= Negligence per se =

In US law whereby an act is considered negligent as it violates a statute (or regulation)

Negligence per se is a doctrine in US law whereby an act is considered negligent because it violates a statute (or regulation). The doctrine is effectively a form of strict liability.

Negligence per se means greater liability than contributory negligence.

==Elements==
In order to prove negligence per se, the plaintiff usually must show that:
1. the defendant violated the statute,
2. the act caused the kind of harm the statute was designed to prevent, and
3. the plaintiff was a member of the statute's protected class.

In some jurisdictions, negligence per se creates merely a rebuttable presumption of negligence.

A typical example is one in which a contractor violates a building code when constructing a house. The house then collapses, injuring somebody. The violation of the building code establishes negligence per se and the contractor will be found liable, so long as the contractor's breach of the code was the cause (proximate cause and actual cause) of the injury.

==History==
A famous early case in negligence per se is Gorris v. Scott (1874), a Court of Exchequer case that established that the harm in question must be of the kind that the statute was intended to prevent. Gorris involved a shipment of sheep that was washed overboard but would not have been washed overboard had the shipowner complied with the regulations established pursuant to the Contagious Diseases (Animals) Act 1869, which required that livestock be transported in pens to segregate potentially-infected animal populations from uninfected ones. Chief Baron Fitzroy Kelly held that as the statute was intended to prevent the spread of disease, rather than the loss of livestock in transit, the plaintiff could not claim negligence per se.

A subsequent New York Court of Appeals case, Martin v.
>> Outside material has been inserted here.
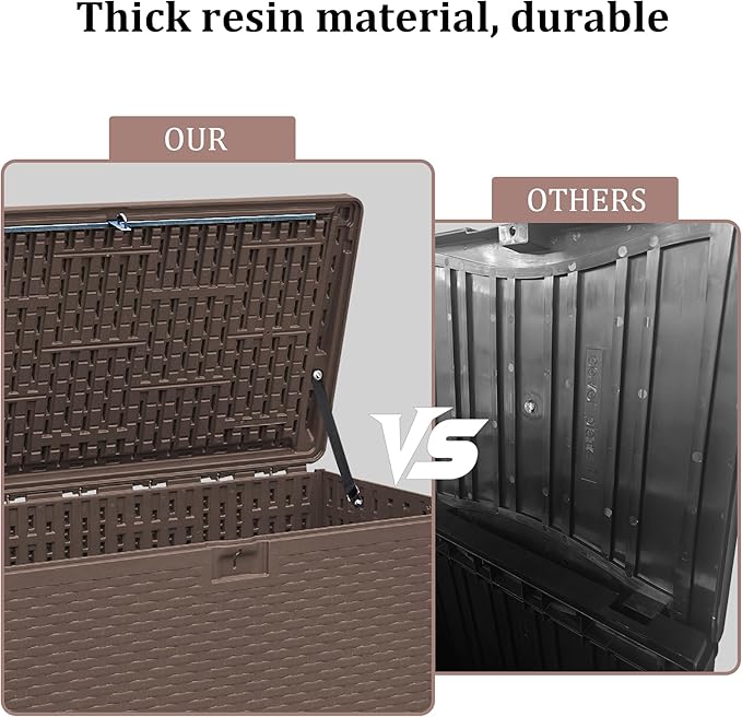 - Weatherproof Resin for Year-Round Use. Durable, waterproof resin, this deck box resists rain, sun, and UV exposure. Ideal for all-season use, it wonβt peel, rust, or warp like wooden or metal boxesβkeeping your items protected outdoors.

Herzog (1920), penned by Judge Benjamin N. Cardozo, first presented the notion that negligence per se could be absolute evidence of negligence in certain cases.

==Strict liability==
Negligence per se involves the concept of strict liability. Within the law of negligence there has been a move away from strict liability (as typified by Re Polemis) to a standard of reasonable care (as seen in Donoghue v Stevenson, The Wagon Mound (No. 1), and Hughes v Lord Advocate). This is true not just for breach of the common law, but also for breach of statutory duty. The criminal law case of Sweet v Parsley (which required mens rea to be read into a criminal statue) follows this trend. In this light, "negligence per se" may be criticised as running counter to the general tendency.